Given records ->
════
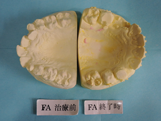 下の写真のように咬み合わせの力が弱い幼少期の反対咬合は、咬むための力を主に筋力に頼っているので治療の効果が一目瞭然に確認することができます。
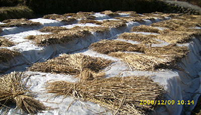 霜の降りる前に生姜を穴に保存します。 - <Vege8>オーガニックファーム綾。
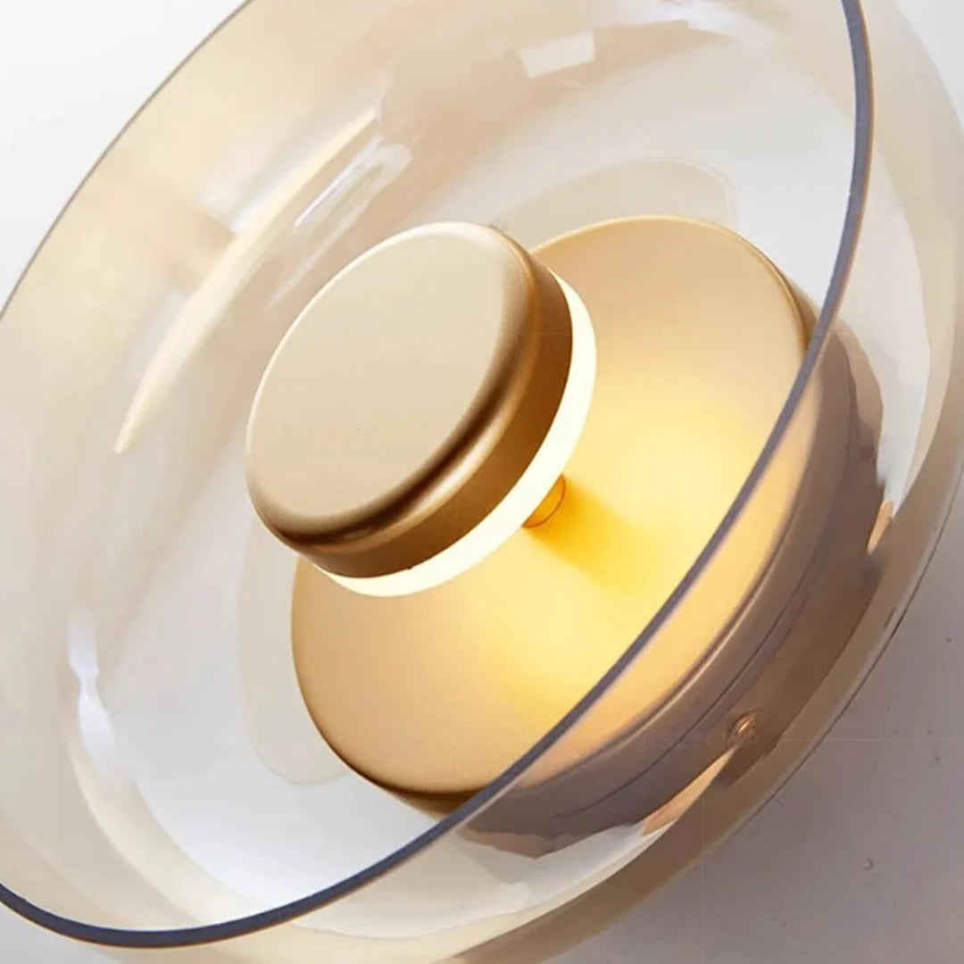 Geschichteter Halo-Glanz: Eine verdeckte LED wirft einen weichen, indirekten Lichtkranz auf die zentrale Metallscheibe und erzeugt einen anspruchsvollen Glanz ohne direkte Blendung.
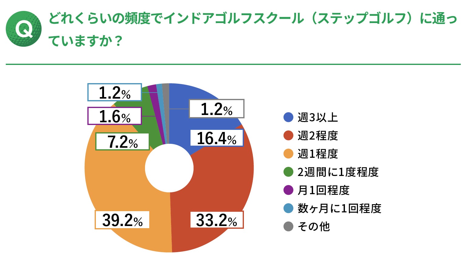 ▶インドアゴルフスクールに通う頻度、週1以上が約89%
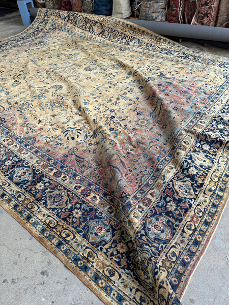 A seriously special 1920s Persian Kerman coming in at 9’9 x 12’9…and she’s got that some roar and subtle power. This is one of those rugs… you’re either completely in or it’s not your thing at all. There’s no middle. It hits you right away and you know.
════
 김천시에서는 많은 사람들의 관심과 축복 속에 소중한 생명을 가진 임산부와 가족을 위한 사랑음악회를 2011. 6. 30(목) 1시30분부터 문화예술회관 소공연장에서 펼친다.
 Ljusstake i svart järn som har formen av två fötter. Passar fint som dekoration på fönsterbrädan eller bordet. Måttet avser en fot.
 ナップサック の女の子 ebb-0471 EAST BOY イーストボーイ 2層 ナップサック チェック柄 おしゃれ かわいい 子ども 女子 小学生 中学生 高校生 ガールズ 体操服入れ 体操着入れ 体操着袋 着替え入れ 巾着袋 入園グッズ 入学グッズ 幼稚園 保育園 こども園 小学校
════
What you have to do ->
All lines in the data above from the one with "김천시에서는 많은 사람들의" through the one with "ナップサック の女の子 ebb-0471" must be repeated exactly, and no others.

Solution for this task ->
 김천시에서는 많은 사람들의 관심과 축복 속에 소중한 생명을 가진 임산부와 가족을 위한 사랑음악회를 2011. 6. 30(목) 1시30분부터 문화예술회관 소공연장에서 펼친다.
 Ljusstake i svart järn som har formen av två fötter. Passar fint som dekoration på fönsterbrädan eller bordet. Måttet avser en fot.
 ナップサック の女の子 ebb-0471 EAST BOY イーストボーイ 2層 ナップサック チェック柄 おしゃれ かわいい 子ども 女子 小学生 中学生 高校生 ガールズ 体操服入れ 体操着入れ 体操着袋 着替え入れ 巾着袋 入園グッズ 入学グッズ 幼稚園 保育園 こども園 小学校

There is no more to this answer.